WORK TO COMPLETE:
What you give back should be only the lines from the one holding "にやあちゃん(長沢在住)" through the final line of the records, each reproduced exactly.

START GIVEN RECORDS

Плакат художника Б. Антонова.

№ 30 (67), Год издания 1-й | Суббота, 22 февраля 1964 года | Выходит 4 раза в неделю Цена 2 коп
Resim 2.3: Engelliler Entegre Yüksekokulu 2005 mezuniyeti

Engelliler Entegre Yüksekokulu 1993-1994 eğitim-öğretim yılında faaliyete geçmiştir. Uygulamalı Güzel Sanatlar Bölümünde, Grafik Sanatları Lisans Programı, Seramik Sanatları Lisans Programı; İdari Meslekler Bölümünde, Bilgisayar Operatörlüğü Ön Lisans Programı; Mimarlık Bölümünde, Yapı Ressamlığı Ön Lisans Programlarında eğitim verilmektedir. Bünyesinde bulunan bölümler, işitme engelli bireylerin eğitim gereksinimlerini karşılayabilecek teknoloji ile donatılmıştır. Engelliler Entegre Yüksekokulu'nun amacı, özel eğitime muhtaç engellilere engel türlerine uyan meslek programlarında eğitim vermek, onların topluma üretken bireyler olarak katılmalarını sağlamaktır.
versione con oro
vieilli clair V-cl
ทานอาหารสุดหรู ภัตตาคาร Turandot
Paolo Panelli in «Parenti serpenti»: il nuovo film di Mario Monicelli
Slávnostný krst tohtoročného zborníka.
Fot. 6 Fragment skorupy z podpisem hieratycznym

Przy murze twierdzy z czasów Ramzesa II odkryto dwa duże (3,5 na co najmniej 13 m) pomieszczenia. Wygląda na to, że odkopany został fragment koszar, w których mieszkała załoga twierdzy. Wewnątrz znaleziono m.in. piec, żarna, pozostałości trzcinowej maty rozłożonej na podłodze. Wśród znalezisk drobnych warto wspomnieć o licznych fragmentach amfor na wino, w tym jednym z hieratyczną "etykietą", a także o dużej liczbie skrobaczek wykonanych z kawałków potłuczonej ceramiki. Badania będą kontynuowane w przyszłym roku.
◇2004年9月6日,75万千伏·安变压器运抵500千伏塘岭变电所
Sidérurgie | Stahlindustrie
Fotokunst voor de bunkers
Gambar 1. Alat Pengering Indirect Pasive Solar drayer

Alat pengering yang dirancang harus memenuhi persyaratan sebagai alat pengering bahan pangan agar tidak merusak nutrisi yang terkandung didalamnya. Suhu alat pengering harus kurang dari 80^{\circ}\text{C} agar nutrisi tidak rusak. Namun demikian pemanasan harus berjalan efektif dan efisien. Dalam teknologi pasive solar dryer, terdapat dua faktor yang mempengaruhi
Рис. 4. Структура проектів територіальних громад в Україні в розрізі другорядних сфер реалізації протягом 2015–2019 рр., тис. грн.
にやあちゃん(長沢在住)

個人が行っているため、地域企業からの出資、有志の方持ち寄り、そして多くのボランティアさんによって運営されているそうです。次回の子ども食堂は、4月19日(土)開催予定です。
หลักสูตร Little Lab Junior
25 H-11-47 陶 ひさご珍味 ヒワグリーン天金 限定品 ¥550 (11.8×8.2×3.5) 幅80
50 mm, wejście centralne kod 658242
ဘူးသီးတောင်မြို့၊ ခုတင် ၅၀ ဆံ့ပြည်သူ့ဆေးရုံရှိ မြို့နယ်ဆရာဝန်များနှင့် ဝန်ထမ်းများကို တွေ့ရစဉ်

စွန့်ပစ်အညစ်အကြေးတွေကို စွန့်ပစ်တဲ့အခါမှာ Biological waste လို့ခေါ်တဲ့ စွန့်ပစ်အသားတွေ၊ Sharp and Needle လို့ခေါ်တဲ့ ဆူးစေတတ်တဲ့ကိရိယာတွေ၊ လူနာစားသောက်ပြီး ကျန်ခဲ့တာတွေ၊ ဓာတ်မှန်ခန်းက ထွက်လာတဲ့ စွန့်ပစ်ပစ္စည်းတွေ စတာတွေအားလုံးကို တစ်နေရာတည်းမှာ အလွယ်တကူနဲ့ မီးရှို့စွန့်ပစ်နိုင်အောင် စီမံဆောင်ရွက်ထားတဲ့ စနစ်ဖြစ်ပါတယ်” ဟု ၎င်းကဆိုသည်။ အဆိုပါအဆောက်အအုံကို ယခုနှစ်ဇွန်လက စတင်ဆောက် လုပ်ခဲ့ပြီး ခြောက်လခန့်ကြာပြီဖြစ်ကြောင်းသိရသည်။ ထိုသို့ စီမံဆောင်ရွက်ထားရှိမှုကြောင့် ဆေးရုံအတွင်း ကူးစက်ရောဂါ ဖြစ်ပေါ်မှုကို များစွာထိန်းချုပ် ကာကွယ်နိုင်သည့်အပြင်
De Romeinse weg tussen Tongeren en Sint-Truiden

END GIVEN RECORDS

SOLUTION:
にやあちゃん(長沢在住)

個人が行っているため、地域企業からの出資、有志の方持ち寄り、そして多くのボランティアさんによって運営されているそうです。次回の子ども食堂は、4月19日(土)開催予定です。
หลักสูตร Little Lab Junior
25 H-11-47 陶 ひさご珍味 ヒワグリーン天金 限定品 ¥550 (11.8×8.2×3.5) 幅80
50 mm, wejście centralne kod 658242
ဘူးသီးတောင်မြို့၊ ခုတင် ၅၀ ဆံ့ပြည်သူ့ဆေးရုံရှိ မြို့နယ်ဆရာဝန်များနှင့် ဝန်ထမ်းများကို တွေ့ရစဉ်

စွန့်ပစ်အညစ်အကြေးတွေကို စွန့်ပစ်တဲ့အခါမှာ Biological waste လို့ခေါ်တဲ့ စွန့်ပစ်အသားတွေ၊ Sharp and Needle လို့ခေါ်တဲ့ ဆူးစေတတ်တဲ့ကိရိယာတွေ၊ လူနာစားသောက်ပြီး ကျန်ခဲ့တာတွေ၊ ဓာတ်မှန်ခန်းက ထွက်လာတဲ့ စွန့်ပစ်ပစ္စည်းတွေ စတာတွေအားလုံးကို တစ်နေရာတည်းမှာ အလွယ်တကူနဲ့ မီးရှို့စွန့်ပစ်နိုင်အောင် စီမံဆောင်ရွက်ထားတဲ့ စနစ်ဖြစ်ပါတယ်” ဟု ၎င်းကဆိုသည်။ အဆိုပါအဆောက်အအုံကို ယခုနှစ်ဇွန်လက စတင်ဆောက် လုပ်ခဲ့ပြီး ခြောက်လခန့်ကြာပြီဖြစ်ကြောင်းသိရသည်။ ထိုသို့ စီမံဆောင်ရွက်ထားရှိမှုကြောင့် ဆေးရုံအတွင်း ကူးစက်ရောဂါ ဖြစ်ပေါ်မှုကို များစွာထိန်းချုပ် ကာကွယ်နိုင်သည့်အပြင်
De Romeinse weg tussen Tongeren en Sint-Truiden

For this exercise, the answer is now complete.